Please help me graciously accept this gift

Anonymous
Anonymous wrote:Why did you cry?


Did you miss the little detail about Depression? It makes you so exhausted and unable to function.
Anonymous
Anonymous wrote:
Anonymous wrote:Why did you cry?


Did you miss the little detail about Depression? It makes you so exhausted and unable to function.


+1 If you know, you know. Hang in there, OP.
Anonymous
OP. Thanks to those who gave me a script. I am normally the queen of thank you notes, but cannot muster anything beyond the desire to lock myself in a dark closet 6,000 miles away from any human right this second. You helped me get the job done.
Anonymous
Hard to emphasize with this one.
Anonymous
Anonymous wrote:Hard to emphasize with this one.


Is it?

Then go do some research about depression and other mental health disorders. Like any DISEASE, depression has symptoms.
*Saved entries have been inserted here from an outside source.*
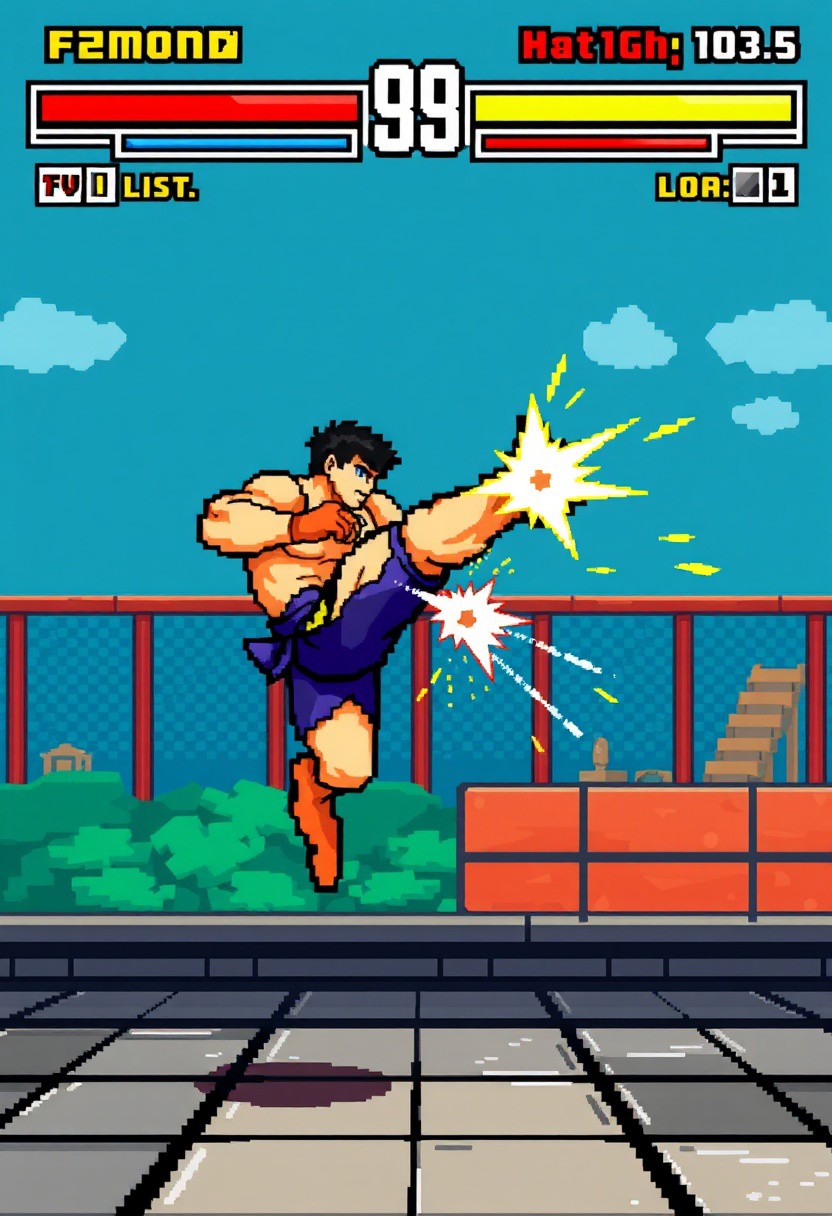 (8-bit pixel art:1.5), (2D fighting game style:1.4), side-scrolling view, (blocky character sprites:1.3), limited color palette, (sharp outlines:1.3), (low-resolution pixels:1.5), (retro game background:1.2), (arcade screen feel), (exaggerated attack animations:1.3), (glitch effects:1.2), (vivid flat colors), (simple shading), (chiptune energy:1.1), (game UI overlay), action pose, (hit spark effects:1.3), (jumping kick frame), (simplified anatomy), (realism:-1.5), (photorealism:-1.5), (natural proportions:-1.3), (smooth textures:-1.2), (detailed rendering:-1.4), (soft edges:-1.3), (blurry effects:-1.3), (floating elements:-1.2), (muted tones:-1.1)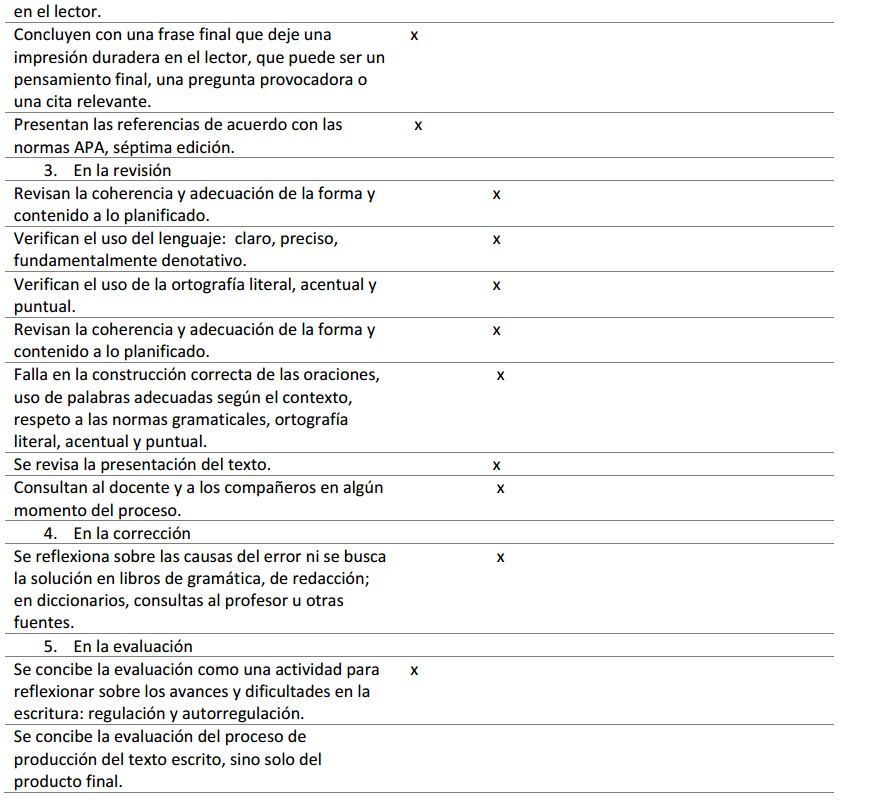 Perin (2018) menciona que el escrutinio del borrador de un texto es fundamental para conseguir durante la revisión del borrador, no obstante, los resultados evidenciaron que durante la inspección del texto los sujetos de estudio no mostraron interés en corregir la calidad del texto en cuanto a los errores de forma y contenido. Además, el cuidado en cuanto a la correcta escritura de las palabras fue superficial, por otro lado, no se observaron intentos por mejorar la claridad del lenguaje o ajustar el texto para que su comprensión estuviera adecuada al tema. Otro aspecto que incidió en los resultados de este diagnóstico fue la falta de retroalimentación entre compañeros o con el maestro lo que limitó el proceso de mejora en la redacción, lo que da como resultado una débil autorregulación en la escritura.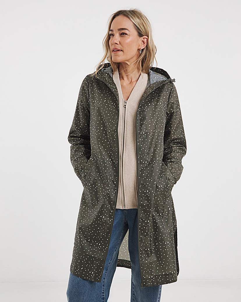 Khaki Spot Longline Pac A Mac Raincoat Khaki Print - JD Williams - Size: 12/14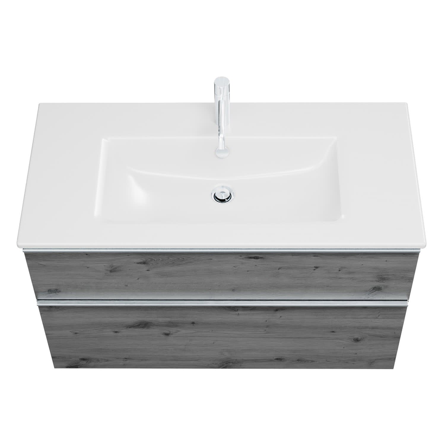 burgbad Eqio Waschtischkombination mit Keramik-Waschtisch Slim, 102 cm, mit Griffleiste G0251

Would it be "hard to empathize" with a cancer patient, or someone suffering from Parkinson's, even if they were doing relatively well and were technically able-bodied? Hmm?

You're an uneducated asshole. Do a little research, come back, and apologize and offer that empathy that was so hard to find because you are ignorant.
Anonymous
Anonymous wrote:
Anonymous wrote:Hard to emphasize with this one.


Is it?

Then go do some research about depression and other mental health disorders. Like any DISEASE, depression has symptoms.

Would it be "hard to empathize" with a cancer patient, or someone suffering from Parkinson's, even if they were doing relatively well and were technically able-bodied? Hmm?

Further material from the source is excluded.